(Available data)

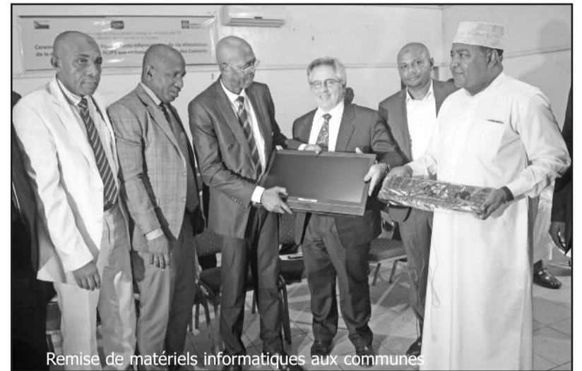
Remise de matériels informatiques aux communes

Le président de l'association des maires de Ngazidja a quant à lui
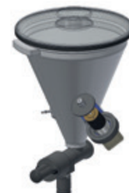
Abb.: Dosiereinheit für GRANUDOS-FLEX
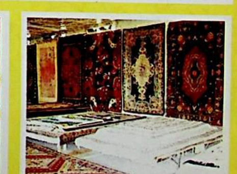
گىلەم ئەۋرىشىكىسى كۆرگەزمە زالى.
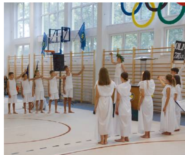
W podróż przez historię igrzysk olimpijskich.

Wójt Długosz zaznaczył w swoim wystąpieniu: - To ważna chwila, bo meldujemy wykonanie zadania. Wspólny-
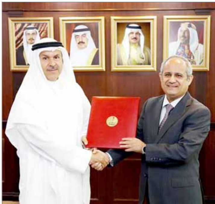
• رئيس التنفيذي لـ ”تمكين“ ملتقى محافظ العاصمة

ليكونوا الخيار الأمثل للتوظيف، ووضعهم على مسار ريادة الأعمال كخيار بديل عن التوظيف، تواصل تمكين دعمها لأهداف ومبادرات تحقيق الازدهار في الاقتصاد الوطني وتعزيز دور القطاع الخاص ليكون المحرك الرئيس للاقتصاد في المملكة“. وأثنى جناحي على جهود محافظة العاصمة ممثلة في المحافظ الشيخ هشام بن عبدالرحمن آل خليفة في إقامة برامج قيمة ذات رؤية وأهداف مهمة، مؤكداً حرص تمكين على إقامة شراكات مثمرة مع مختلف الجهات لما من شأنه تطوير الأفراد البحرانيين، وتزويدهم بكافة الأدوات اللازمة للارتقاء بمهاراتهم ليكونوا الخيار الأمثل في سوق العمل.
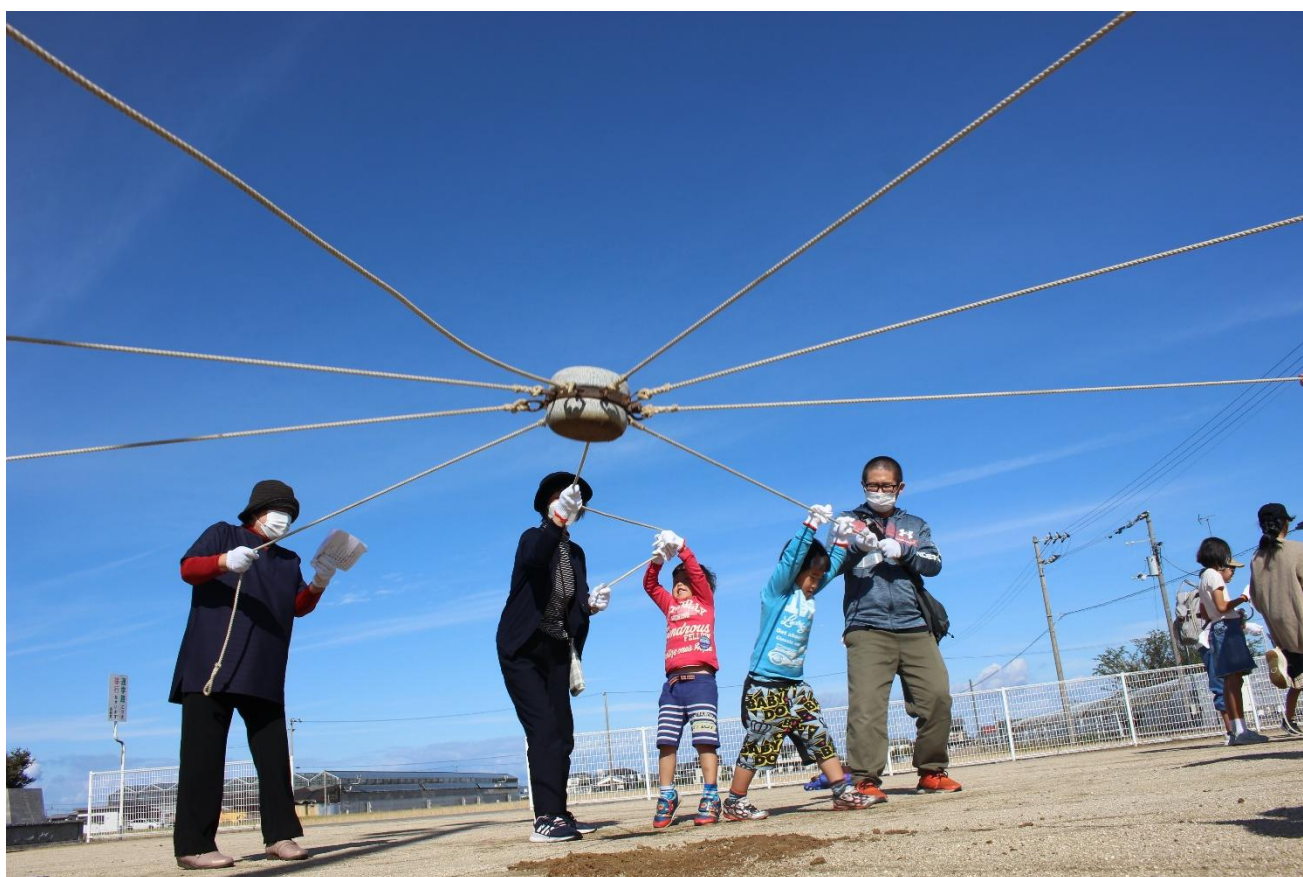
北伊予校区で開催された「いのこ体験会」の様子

(What is needed) First drop every picture, then print the data above exactly as it stands.

(Response)
Remise de matériels informatiques aux communes

Le président de l'association des maires de Ngazidja a quant à lui
Abb.: Dosiereinheit für GRANUDOS-FLEX
گىلەم ئەۋرىشىكىسى كۆرگەزمە زالى.
W podróż przez historię igrzysk olimpijskich.

Wójt Długosz zaznaczył w swoim wystąpieniu: - To ważna chwila, bo meldujemy wykonanie zadania. Wspólny-
• رئيس التنفيذي لـ ”تمكين“ ملتقى محافظ العاصمة

ليكونوا الخيار الأمثل للتوظيف، ووضعهم على مسار ريادة الأعمال كخيار بديل عن التوظيف، تواصل تمكين دعمها لأهداف ومبادرات تحقيق الازدهار في الاقتصاد الوطني وتعزيز دور القطاع الخاص ليكون المحرك الرئيس للاقتصاد في المملكة“. وأثنى جناحي على جهود محافظة العاصمة ممثلة في المحافظ الشيخ هشام بن عبدالرحمن آل خليفة في إقامة برامج قيمة ذات رؤية وأهداف مهمة، مؤكداً حرص تمكين على إقامة شراكات مثمرة مع مختلف الجهات لما من شأنه تطوير الأفراد البحرانيين، وتزويدهم بكافة الأدوات اللازمة للارتقاء بمهاراتهم ليكونوا الخيار الأمثل في سوق العمل.
北伊予校区で開催された「いのこ体験会」の様子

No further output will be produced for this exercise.